As described above in detail, according to the present invention, a multi-terminal sub-module for mounting a sub-module on which components for transmitting signals to and from a daughter board are mounted on the daughter board using a multi-terminal connector between boards. In the configuration method, the board-to-board multi-terminal connector for signal input from the daughter board and the board-to-board multi-terminal connector for signal output to the daughter board are mounted with the component mounting area of the submodule interposed therebetween. The number of lead wires can be reduced by half, and the signal path can be made one way.

As a result, it is possible to reduce the amount of wiring of the pad portion and the signal path, thereby preventing the multilayer structure of the substrate and realizing a cost reduction. Also, at this time, components that require signal transmission from the daughter board are mounted in a component mounting area sandwiched between the board-to-substrate multi-terminal connectors, and components that perform signal transmission only within the submodule are the component mounting components. By mounting in a region outside the region, when the substrate area is reduced, size reduction can be easily realized, and there is an effect that cost can be reduced.

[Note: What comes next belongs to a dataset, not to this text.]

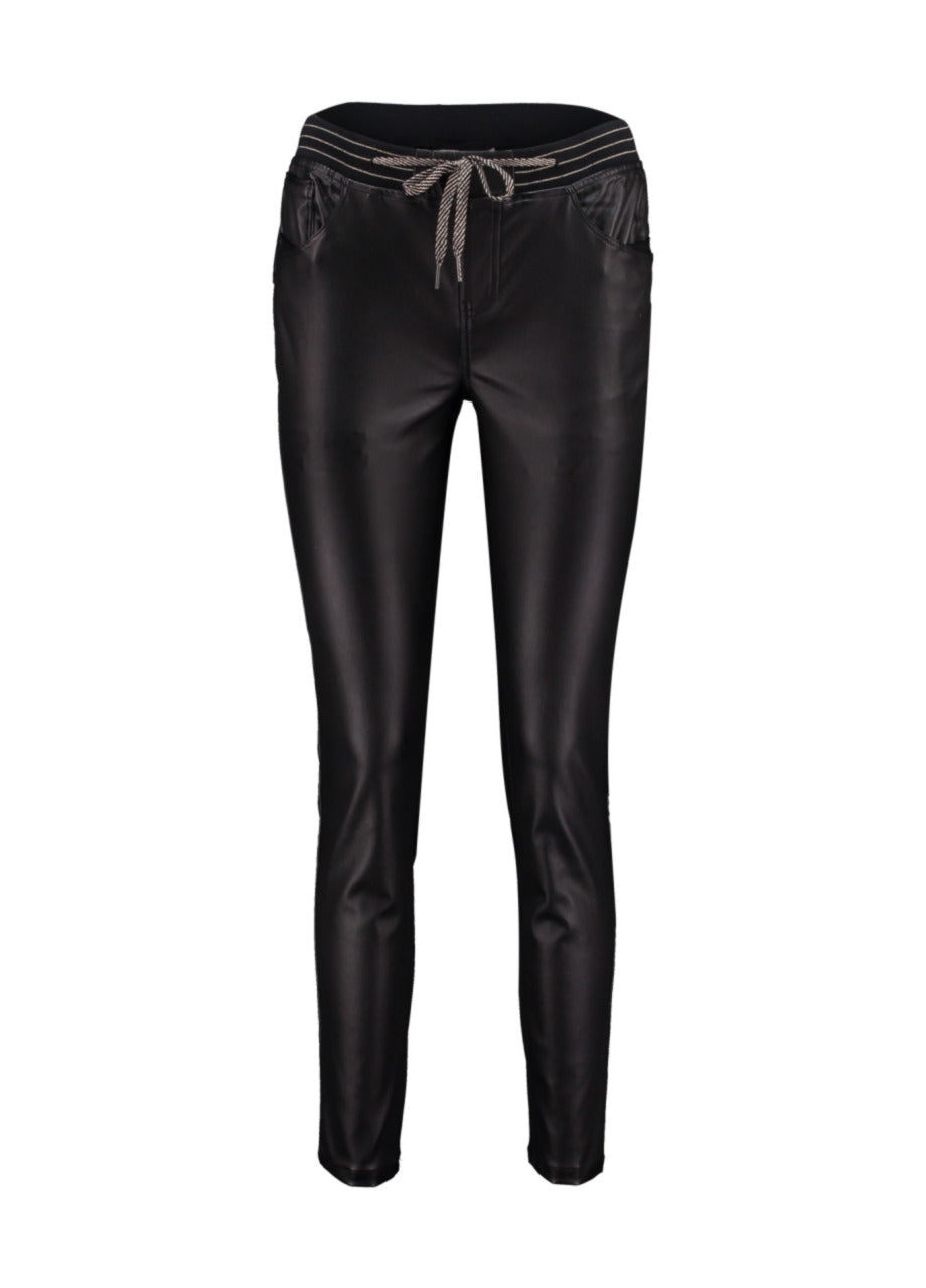 Joanna Byxor - svart i konstläder. Knyt i midjan, Fickor.

Furthermore, since the size of the module can be reduced without changing the mounting position of the board-to-board multi-terminal connector at all, the module inspection device and jigs once created can be diverted.
This has the effect of enabling a significant cost reduction of the entire apparatus.

[Brief description of the drawings]

FIG. 1 is a plan view showing a first embodiment of the present invention.

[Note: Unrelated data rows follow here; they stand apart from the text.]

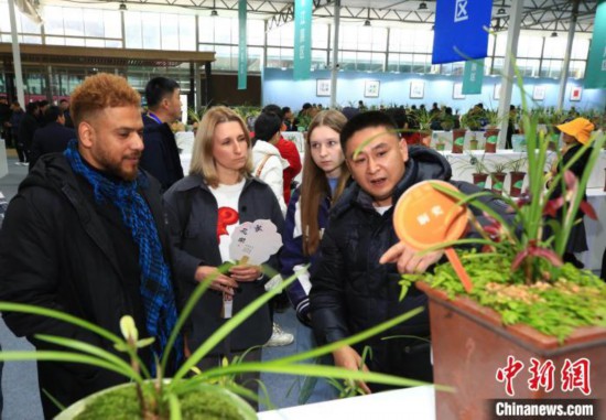 蘭農(nóng)(右一)向國際友人介紹春蘭。錢光祥 攝
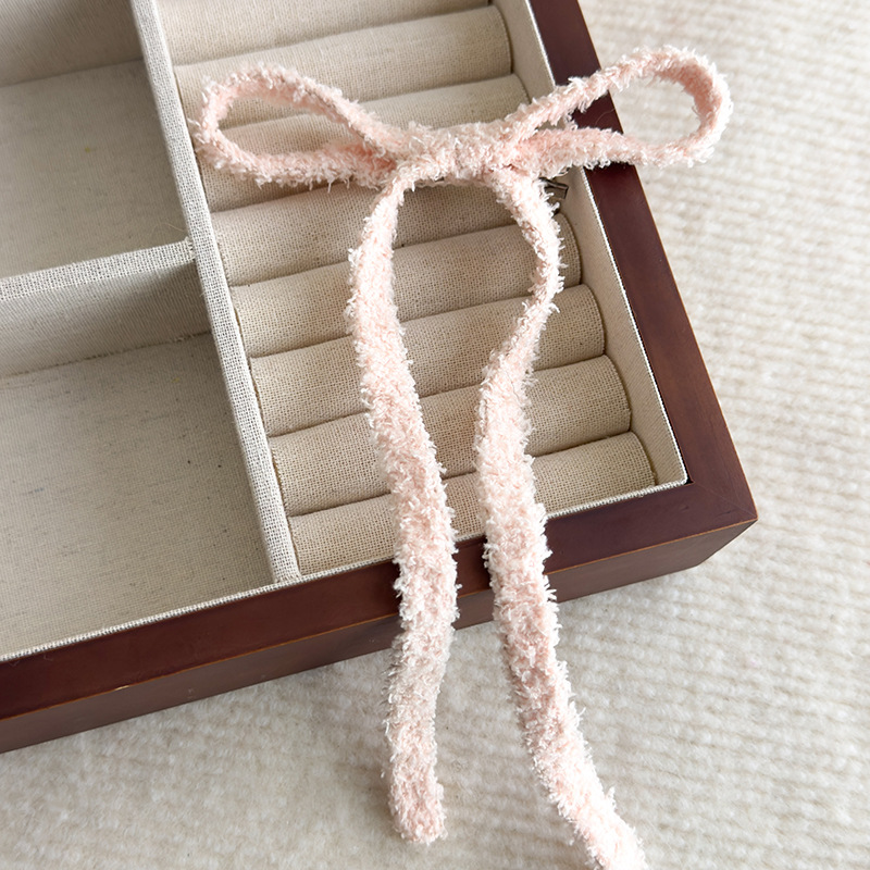 귀여운 봉제 긴 리본 활 머리핀 소녀의 더블 포니 테일 리본 헤어 핀 앰비언스 페어 카드스토어 가기
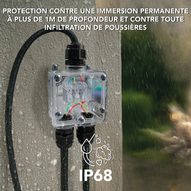 Ce boîtier de connexion étanche IP68 est conçu pour raccorder un ou plusieurs appareils en extérieur sans craindre l’humidité. Il répond au besoin fréquent de connexions qui prennent l’eau, s’oxydent et finissent par couper l’alimentation. Son indice IP68 indique une protection contre l’immersion permanente à plus de 1 m de profondeur, ce qui sécurise les raccordements exposés aux intempéries, aux projections ou aux zones très humides.

FIG. 2 is a side view showing the first embodiment of the present invention.

FIG. 3 is a plan view showing a second embodiment of the present invention.

FIG. 4 is a plan view showing a conventional example.

FIG. 5 is a side view showing a conventional example.

[Explanation of symbols]

 11 Sub-module 12 Daughter board 13 LSI 14 IC 15, 16 Multi-terminal connector between boards

 ──────────────────────────────────────────────────続 き Continued on the front page (72) Inventor Naoaki Yamanaka 3-19-2 Nishishinjuku, Shinjuku-ku, Tokyo Japan Telegraph and Telephone Corporation (72) Inventor Tomoaki Kawamura 3-192-1, Nishishinjuku, Shinjuku-ku, Tokyo No. Within Nippon Telegraph and Telephone Corporation (72) Katsumi Kaizu 3-19-2 Nishi Shinjuku, Shinjuku-ku, Tokyo Japan Within (72) Inventor Akio Harada 3-192 Nishi Shinjuku, Shinjuku-ku, Tokyo No. Japan Telegraph and Telephone Corporation

Claims (2)

[Claims] 1. A method of mounting and configuring a multi-terminal sub-module in which a sub-module on which components for transmitting a signal to a daughter board are mounted is mounted on the daughter board using a multi-terminal connector between boards. A method of mounting and mounting a multi-terminal submodule, comprising: mounting a multi-terminal connector between boards and a multi-terminal connector between boards for signal output to a daughter board with a component mounting area of the submodule sandwiched therebetween. 2. The method for mounting and configuring a multi-terminal sub-module according to claim 1, wherein the component requiring signal transmission from the daughter board is mounted in a component mounting area sandwiched between the multi-terminal connectors between boards. A component mounting method for a multi-terminal sub-module, wherein the component that transmits signals only within the sub-module is mounted in an area outside the component mounting area.